El totalitarismo del carnaval* Boris Groys La actual teorización postmoderna, o, mejor dicho, postestructuralista, se nutre

en muchas cosas de las ideas y estados anímicos del final de los años 20 y de los años 30, surgidos como resultado de la crisis de la vanguardia, cuando ya se había perdido la fe en el carácter verídico y salvador de las nuevas iluminaciones, pero, al mismo tiempo, se reconocía como definitiva e insuperable la ruptura con la tradición que había acontecido en la época de la vanguardia. De resultas, la orientación tradicional a los ideales de objetividad, racionalidad y cientificidad se halló en tela de juicio en la misma medida que la orientación vanguardista a la autenticidad, la intuición, la originalidad y la novedad. El hombre de los años 20-30 tomó conciencia de sí como parte integral del mundo material, del cual no podía distanciarse más ni por la vía de la contemplación e investigación del mismo, ni por la vía de la reclusión en su propio mundo interior. El mundo podía revelársele ahora al hombre sólo en el límite de su propia existencia material, física: en la realidad de la muerte y del eros, en el carácter total del poder de este mundo o en las situaciones límite extremas que exigen una tensión sobrehumana de todo el organismo humano.

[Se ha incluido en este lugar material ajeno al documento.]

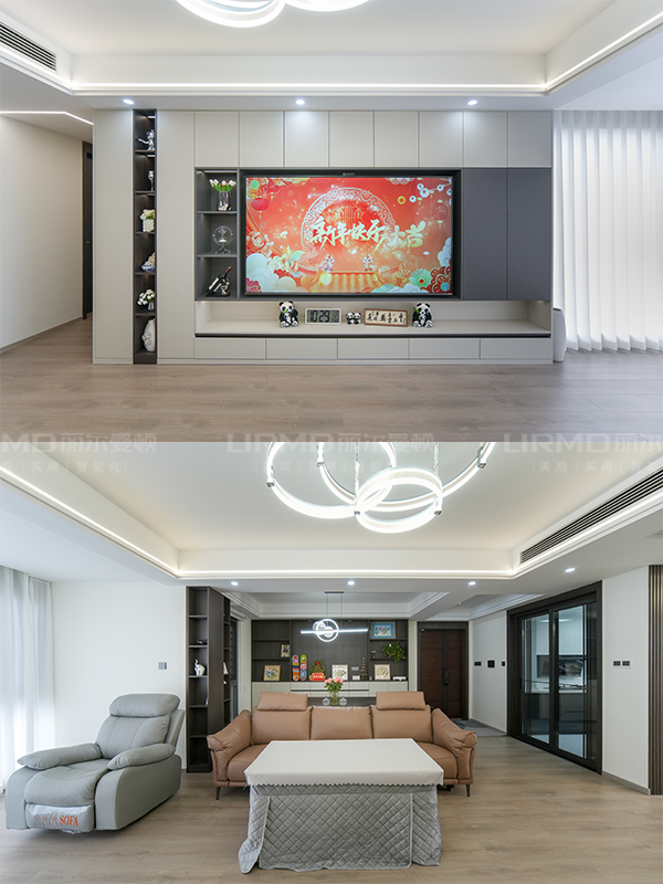滿墻電視柜+開放格:日常的雜物、囤貨統(tǒng)統(tǒng)都能收納進(jìn)去,而且顏值也是非常的簡潔大氣

Desde luego, el actual pensamiento postmoderno, habitualmente asociado a autores franceses tales como Jacques Derrida, Jacques Lacan o Gilles Deleuze, no cree en la posibilidad de una revelación del mundo ni siquiera en sus «situaciones fronterizas», puesto que supone que en la orientación a la vivenciación de la frontera del mundo continúa manifestándose la orientación «metafísica» tradicional —y también heredada de la tradición de la vanguardia— al hallazgo de una «metaposición» con respecto al mundo en su totalidad. En este sentido, el reproche que se le hace al postmodernismo de resucitar ideologías de los años 30 que se desacreditaron políticamente, es por completo improcedente: la teoría postmoderna utiliza la argumentación de esa época de «superrealismo» (como se puede llamar a los años 30 con su realismo socialista, surrealismo, realismo mágico, etc.) contra las ilusiones modernistas que en el período posterior a la Segunda Guerra Mundial experimentaron una impetuosa restauración en la ola de simpatía puramente moral hacia los ideales del modernismo acosado por los regímenes totalitarios. Entretanto, precisamente esas ilusiones, puesto que en parte fueron conservadas o incluso radicalizadas en los años 30, condujeron, en opinión de la nueva filosofía francesa, a las posteriores catástrofes: las intenciones político-morales de la teoría postmoderna, como puede verse, son plenamente buenas —el enredo surge sólo a causa de los problemas con el diagnóstico de la época precedente del desarrollo filosófico.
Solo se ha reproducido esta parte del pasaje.